| Data block |
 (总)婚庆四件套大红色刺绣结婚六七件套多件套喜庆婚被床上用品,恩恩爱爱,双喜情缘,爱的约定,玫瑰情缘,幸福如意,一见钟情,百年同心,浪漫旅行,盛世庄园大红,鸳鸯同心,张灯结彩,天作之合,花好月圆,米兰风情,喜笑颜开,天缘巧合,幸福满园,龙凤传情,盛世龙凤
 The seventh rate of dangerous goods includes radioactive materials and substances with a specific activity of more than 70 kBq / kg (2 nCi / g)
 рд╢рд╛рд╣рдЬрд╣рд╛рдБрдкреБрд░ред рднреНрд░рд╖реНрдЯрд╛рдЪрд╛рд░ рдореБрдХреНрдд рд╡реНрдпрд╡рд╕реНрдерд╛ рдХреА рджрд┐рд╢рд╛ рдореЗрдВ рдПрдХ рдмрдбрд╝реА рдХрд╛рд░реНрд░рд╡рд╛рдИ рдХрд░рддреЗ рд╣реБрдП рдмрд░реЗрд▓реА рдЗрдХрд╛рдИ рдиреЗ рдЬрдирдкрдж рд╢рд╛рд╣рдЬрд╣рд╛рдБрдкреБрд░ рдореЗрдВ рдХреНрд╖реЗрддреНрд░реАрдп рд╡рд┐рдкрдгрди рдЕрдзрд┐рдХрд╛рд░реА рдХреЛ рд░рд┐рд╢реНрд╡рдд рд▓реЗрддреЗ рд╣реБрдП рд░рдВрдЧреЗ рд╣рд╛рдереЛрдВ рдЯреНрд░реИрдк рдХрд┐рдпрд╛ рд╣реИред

| Exercise prompt |
Exactly as it stands, output the whole listing.

| Problem solution |
 (总)婚庆四件套大红色刺绣结婚六七件套多件套喜庆婚被床上用品,恩恩爱爱,双喜情缘,爱的约定,玫瑰情缘,幸福如意,一见钟情,百年同心,浪漫旅行,盛世庄园大红,鸳鸯同心,张灯结彩,天作之合,花好月圆,米兰风情,喜笑颜开,天缘巧合,幸福满园,龙凤传情,盛世龙凤
 The seventh rate of dangerous goods includes radioactive materials and substances with a specific activity of more than 70 kBq / kg (2 nCi / g)
 рд╢рд╛рд╣рдЬрд╣рд╛рдБрдкреБрд░ред рднреНрд░рд╖реНрдЯрд╛рдЪрд╛рд░ рдореБрдХреНрдд рд╡реНрдпрд╡рд╕реНрдерд╛ рдХреА рджрд┐рд╢рд╛ рдореЗрдВ рдПрдХ рдмрдбрд╝реА рдХрд╛рд░реНрд░рд╡рд╛рдИ рдХрд░рддреЗ рд╣реБрдП рдмрд░реЗрд▓реА рдЗрдХрд╛рдИ рдиреЗ рдЬрдирдкрдж рд╢рд╛рд╣рдЬрд╣рд╛рдБрдкреБрд░ рдореЗрдВ рдХреНрд╖реЗрддреНрд░реАрдп рд╡рд┐рдкрдгрди рдЕрдзрд┐рдХрд╛рд░реА рдХреЛ рд░рд┐рд╢реНрд╡рдд рд▓реЗрддреЗ рд╣реБрдП рд░рдВрдЧреЗ рд╣рд╛рдереЛрдВ рдЯреНрд░реИрдк рдХрд┐рдпрд╛ рд╣реИред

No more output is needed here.